The two of them were pushing left and right, trying to get more of their heads on screen. Telling me and Mam about the good life in Australia.

  ‘Two weeks in the bush, G and back to Perth for five days in the bush. Wo.’

  Mam didn’t get that one.

  Or if she did, she said nothing.

  The twins were almost fully qualified welders. Then they would be on huge money. Like maybe as much as two grand Australian a week. When I heard what welders were being paid, I knew for sure Oz was next to be fucked.

  Home was fine. Nice dinners and my own bed. Mam and me, and she had no one else to spoil. No hassle, no driving for hours to travel short journeys as in the city. But there was nobody my age around. It wasn’t just the lack of work that sent us away; there was no one to hang with. All gone to Oz or England. Or to the States. The village was an old folks’ home.

  The Bourke brothers shuffled up the street to the post office to collect their social welfare on their flat feet. One was called Five To One because his toes turned inward and to the right, at an angle corresponding to 12.55 on the clock. The other brother was known as Ten Past Two, as his toes were turned out to ten past two.

  Later they will get drunk and the Gardaí will tell them to go home and stop acting the bollix.

  That used to be the highlight of the week in law and order. Because they were on the dole, the local sergeant called it state-sponsored terrorism.
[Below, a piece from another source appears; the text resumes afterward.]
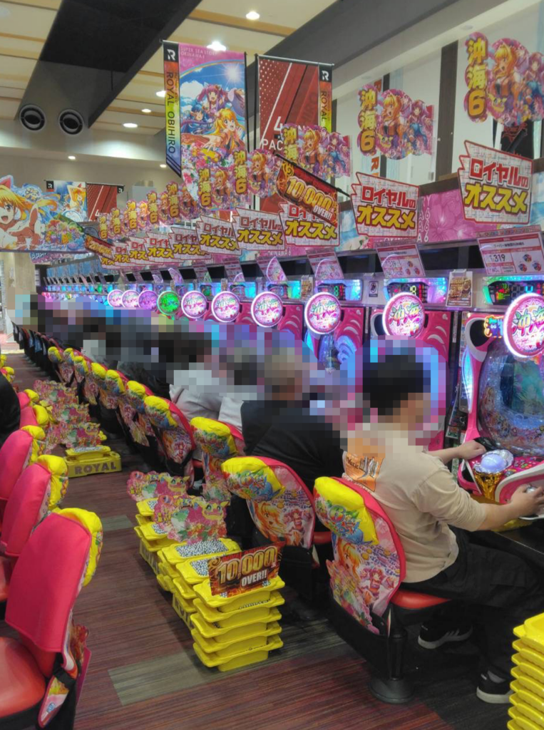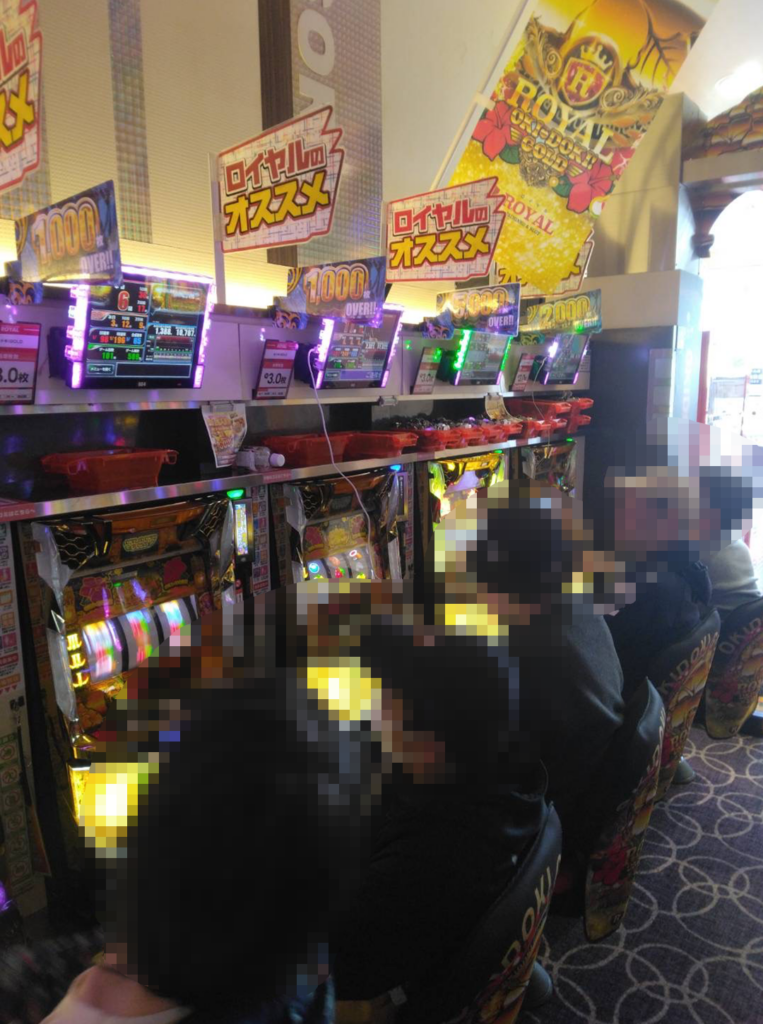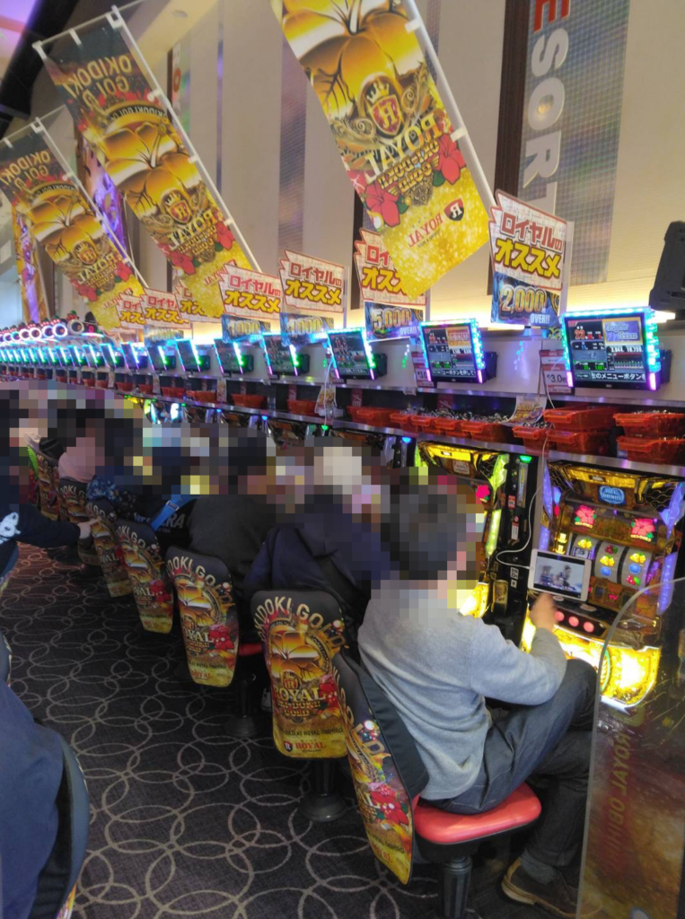店内はスロットコーナーを中心に高稼働で、箱積みも散見される状況。パチンココーナーにも常連客と見られるお客様を中心ににぎわっている様子が確認できる。
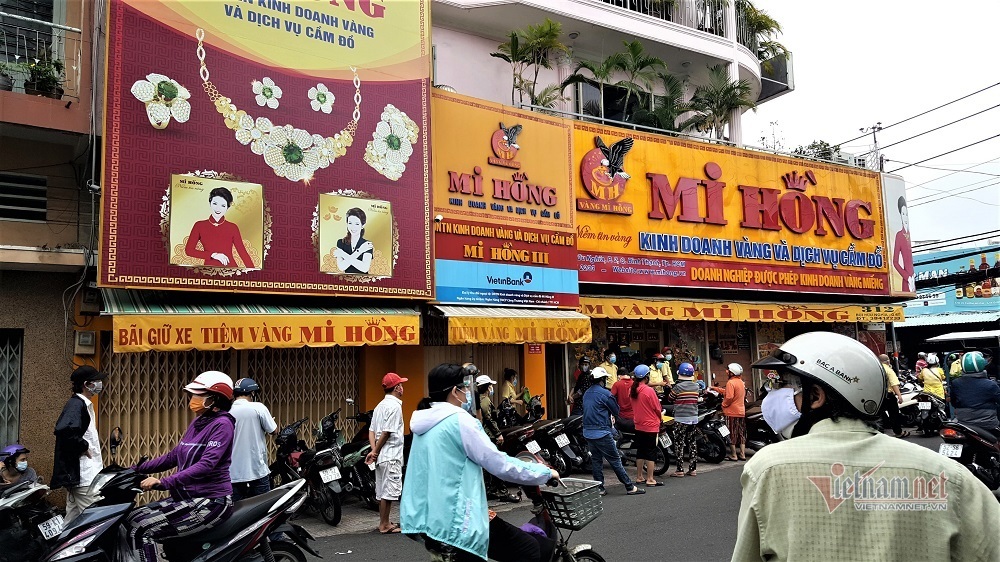 Đặc biệt, trong sáng đầu tiên "bình thường mới", các tiệm vàng là điểm tập trung khá đông người. 8h sáng, hàng dài người xếp hàng trước tiệm vàng Mi Hồng (đường Bùi Hữu Nghĩa - quận Bình Thạnh) để vào giao dịch. Tiệm vàng Kim Thành Phát (đường Vũ Tùng - quận Bình Thạnh) gần đó cũng trong tình trạng đông.

Then out of nowhere the young lads started to do dope. You can get any drug you want within five minutes. It’s even quicker than the city because the traffic isn’t that bad.

  But I was safer here. The bad lads knew me. I was at school with the mad boys, used to play football on the same teams. They wouldn’t bother me unless I was really unlucky. Like as if I was standing outside the chipper in town and was picked on because they were doped up, or got caught in the crossfire when they started to kick the shit out of someone, or maybe hit on a friend of yours who owed them for grass or shagged some girl they were into. You had to be unlucky though and if you kept your mouth shut, that should keep you out of harm’s way.